Home | News | New lifelike skin in the works to help test smart bandages

New lifelike skin in the works to help test smart bandages

Australian researchers have started work on lifelike skin tissue to further studies on healthcare developments like smart bandages.

The team of engineers, led by Professor Sally McArthur from Swinburne University and the CSIRO, is starting from a simplified skin system of the outer and inner layer and using it to understand how tissue responds to skin wounds, infections and inflammation.

McArthur said: “What we were trying to do is to see if we could make a system that would be reproducible, easy to make in the lab and also give us the specific properties that we're looking for when we want to look at how infection works in the skin.”

The materials explored are like a fibrous mat, made up of differently sized fibres that, for the most part, are less than 500 nanometres – on the scale of a fine human hair and smaller than the bacteria that the team is trying to attract to them.

“They work much like a gauze dressing would, and we can change the surface chemistry to make them resist bacteria and make bacteria want to attach to them.

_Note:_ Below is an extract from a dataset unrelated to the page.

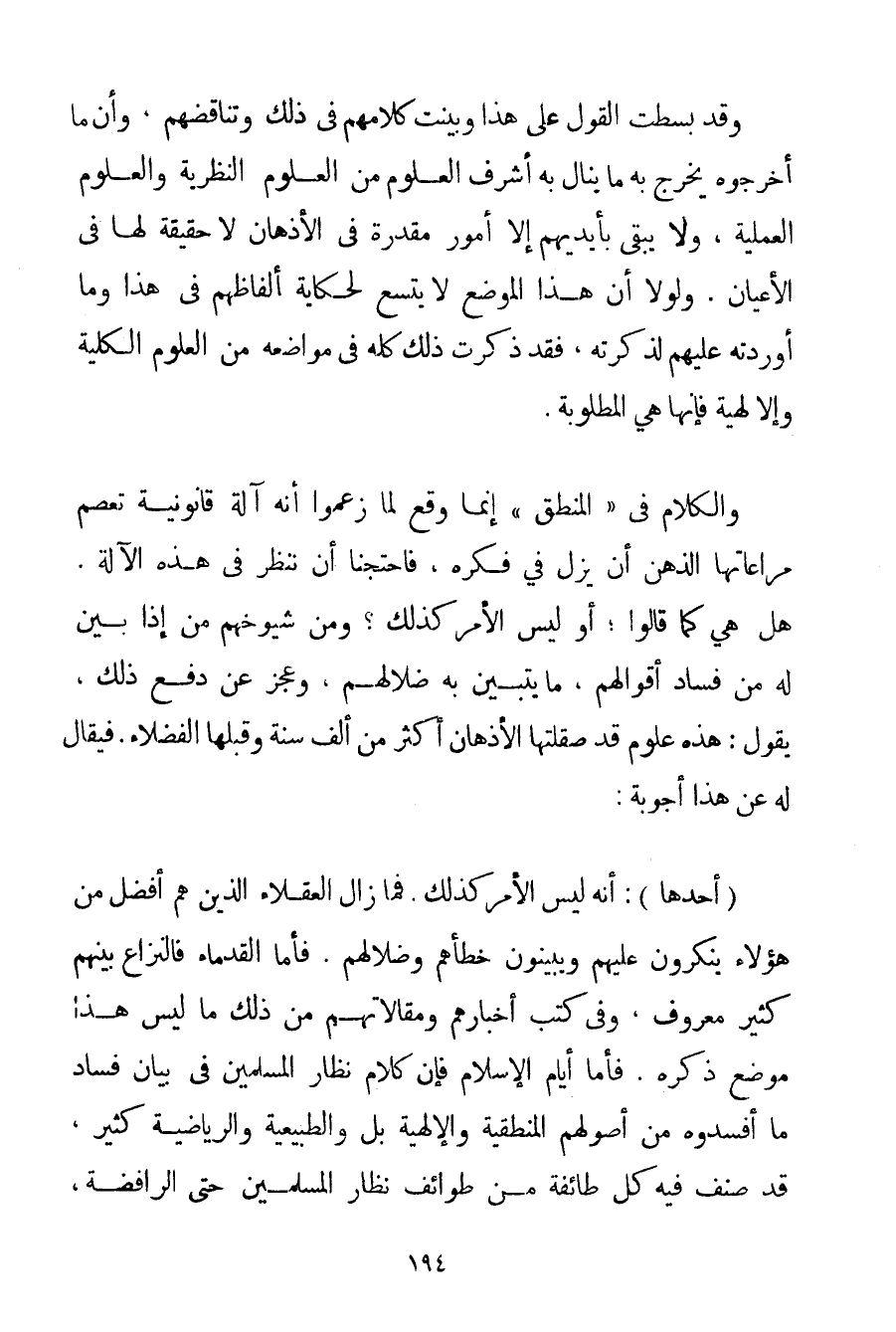 أَحَدُهَا: أَنَّهُ لَيْسَ الْأَمْرُ كَذَلِكَ. فَمَا زَالَ الْعُقَلَاءُ الَّذِينَ هُمْ أَفْضَلُ مِنْ هَؤُلَاءِ يُنْكِرُونَ عَلَيْهِمْ وَيُبَيِّنُونَ خَطَأَهُمْ وَضَلَالَهُمْ. فَأَمَّا الْقُدَمَاءُ فَالنِّزَاعُ بَيْنَهُمْ كَثِيرٌ مَعْرُوفٌ وَفِي كُتُبِ أَخْبَارِهِمْ وَمَقَالَاتِهِمْ مِنْ ذَلِكَ مَا لَيْسَ هَذَا مَوْضِعَ ذِكْرِهِ. فَأَمَّا أَيَّامُ الْإِسْلَامِ فَإِنَّ كَلَامَ نُظَّارِ الْمُسْلِمِينَ فِي بَيَانِ فَسَادِ مَا أَفْسَدُوهُ مِنْ أُصُولِهِمْ الْمَنْطِقِيَّةِ وَالْإِلَهِيَّةِ بَلْ وَالطَّبِيعِيَّةِ وَالرِّيَاضِيَّةِ كَثِيرٌ قَدْ صَنَّفَ فِيهِ كُلُّ طَائِفَةٍ مِنْ طَوَائِفِ نُظَّارِ الْمُسْلِمِينَ حَتَّى الرَّافِضَةِ
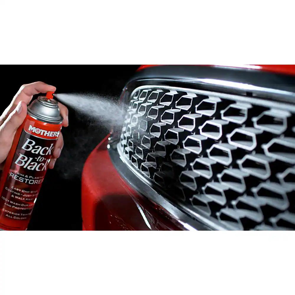 Easy one-step coating, just spray and walk away Long lasting wash durability and protection Safe on exterior trim of all colors Back-to-Black Trim and Plastic Restorer aerosol is Mothers simplest trim care creation yet. Drawing upon industry-proven Back-to-Black surface care technology, this simple mist-on and walk away dressing provides unmatched results and convenient, effortless application. Light oxidation, wax residue and surface film are no match for this surface coating, instantly bringing back that dark, factory-new sheen to any sun-burnt plastic, rubber or vinyl. Once fully cured, you're left with a long-lasting, protective barrier, preventing further deterioration caused by sun, smog, ozone, water, chemicals and airborne contaminants. It makes quick work of tight, difficult-to-reach areas such as grilles, fender wells, engine hoses and other plastic components that are tucked down deep under your hood. Brings back that dark, factory-new sheen to any Sun-burnt plastic, rubber or vinyl surface leaving a long-lasting protective barrier protecting against further deterioration Great for tight, difficult-to-reach areas such as grills, fender wells, engine hoses and other plastic components under your hood Simple mist-on and walk away dressing provides unmatched results and convenient, effortless application Safe for use on all automotive plastic, vinyl and rubber surfaces

“So as a wound is healing, we don't really want the cells to attach to the dressing, because that makes it harder to take off, but we want the bacteria to attach, so we had to find ways of changing the chemistry and the size of those fibres to look at how that might work,” McArthur said.

The team will then use sensor systems to study responses to biomaterials and will begin to add other cell types to provide immune responses.

“We're trying to work on how to make a model that better reflects how infection actually works in the body … so that the waste products for the bacteria and things like that can be refreshed, so you would get a sort of flow in the tissue.

“Longer term, as part of this program that CSIRO is studying, we're looking at how to add in the cells that would naturally be in your body that would fight those infections as well, so the inflammatory cells.”

McArthur said she would love to hear from nurses to help the team better understand how the developments could be used.

“We're really keen to make sure that anything we do is really connected with the people who at the end will use it, so we're very keen to hear from people who know how these things work in practice, rather than our theory.”